Global Coalition for Adaptive Research, Kazia Therapeutics Limited and Kintara Therapeutics, Inc. The Global Coalition for Adaptive Research (GCAR) in collaboration with Kazia and Kintara, announced the activation of Kazia's paxalisib and Kintara's VAL-083 in GBM AGILE (Glioblastoma Adaptive Global Innovative Learning Environment). GBM AGILE is a revolutionary patient-centered, adaptive platform trial for registration that tests multiple therapies for patients with newly-diagnosed and recurrent glioblastoma (GBM) – the deadliest form of brain cancer.
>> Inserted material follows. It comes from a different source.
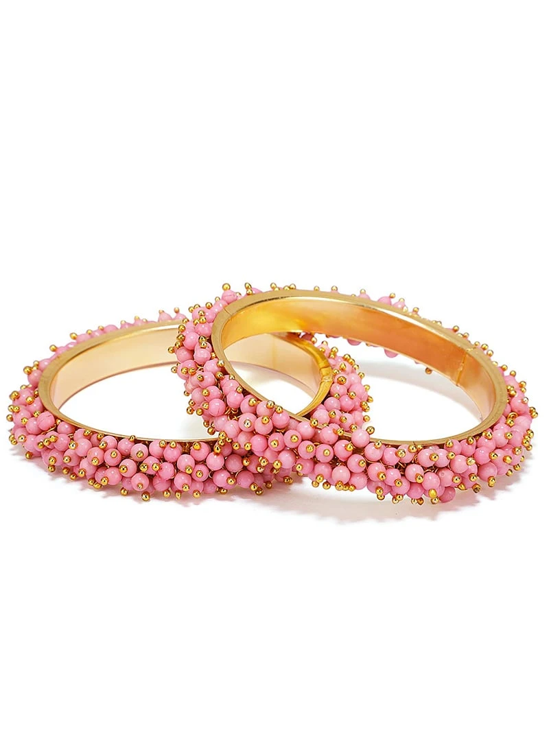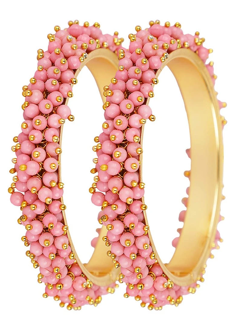 The bangles feature a stunning combination of golden and baby pink beads meticulously arranged in a delicate pattern. Each bead is carefully selected to ensure uniformity in size and shape creating a harmonious visual appeal. The golden beads exude a rich luxurious aura while the baby pink beads add a touch of femininity and grace making these bangles a perfect choice for both traditional and contemporary outfits.

Kazia's paxalisib and Kintara's VAL-083 are entering the GBM AGILE trial, which initially opened in July 2019 and has screened over 370 patients to date.

Kazia's paxalisib will be enrolling in newly diagnosed unmethylated (NDUM) and recurrent GBM, and Dr. Ingo Mellinghoff, Chair of the Department of Neurology at Memorial Sloan Kettering Cancer Center and Dr. Eudocia Q Lee, Director of Clinical Research at the Center for Neuro-Oncology at Dana-Farber and an Assistant Professor of neurology at Harvard Medical School are serving as arm Principal Investigators for the paxalisib arm. Kintara's VAL-083 will be enrolling in NDUM and recurrent GBM, as well as be the first compound being evaluated for patients with newly diagnosed methylated MGMT. VAL-083 will be led by arm Principal Investigators, Dr. John de Groot, Professor, Department of Neuro-Oncology, MD Anderson Cancer Center, and Dr. James Perry, Professor of Neurology at the University of Toronto and Sunnybrook Research Institute.
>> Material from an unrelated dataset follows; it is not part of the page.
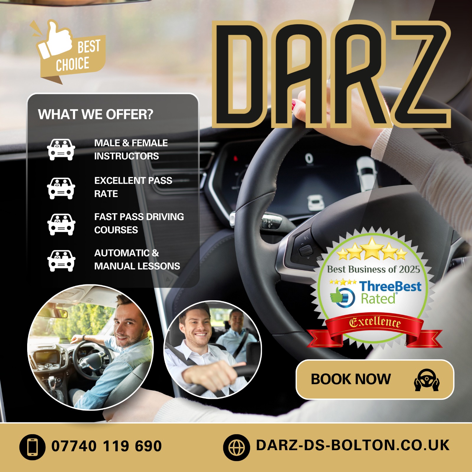 With a strong reputation in the local community and experienced DVSA-approved instructors, Darz Driving School provides structured, tailored training using modern teaching methods to help students become safe, skilled drivers. Whether you’re a complete beginner or brushing up for your test, Darz offers lessons to suit your needs. Darz Driving School Bolton

GBM AGILE is an international, innovative platform trial designed to more rapidly identify and confirm effective therapies for patients with glioblastoma through response adaptive randomization and a seamless phase 2/3 design. The trial, conceived by over 130 key opinion leaders, is conducted under a master protocol, allowing multiple therapies or combinations of therapies from different pharmaceutical partners to be evaluated simultaneously. With its innovative design and efficient operational infrastructure, data from GBM AGILE can be used as the foundation for a new drug application (NDA) and biologics license application (BLA) submissions and registrations to the FDA and other health authorities.
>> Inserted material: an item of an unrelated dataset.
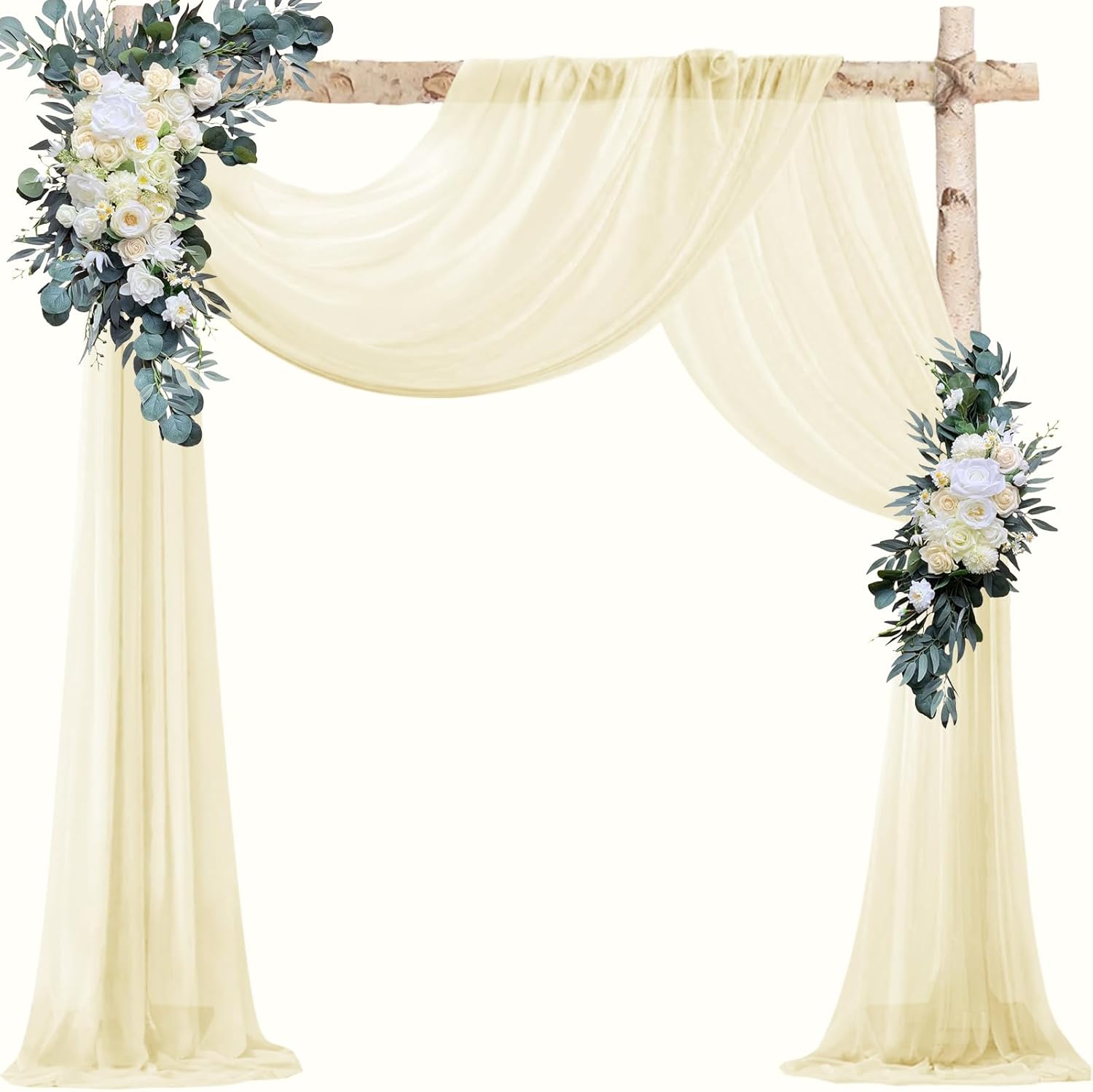 VOK Wedding Arch Draping Fabric Chiffon Curtains, 29in x 18Ft Sheer Chiffon Outdoor Curtain for Wedding Ceremony Birthday Party Decoration (Light Yellow,4 Panel)

The new interventions are opening first at Henry Ford Cancer Institute in Detroit under Henry Ford site Principal Investigator, Dr. Tom Mikkelsen, Medical Director, Henry Ford Precision Medicine Program & Clinical Trials, and will subsequently open at over 30 trial sites across the United States, with additional global sites in Canada, Europe, and China to follow.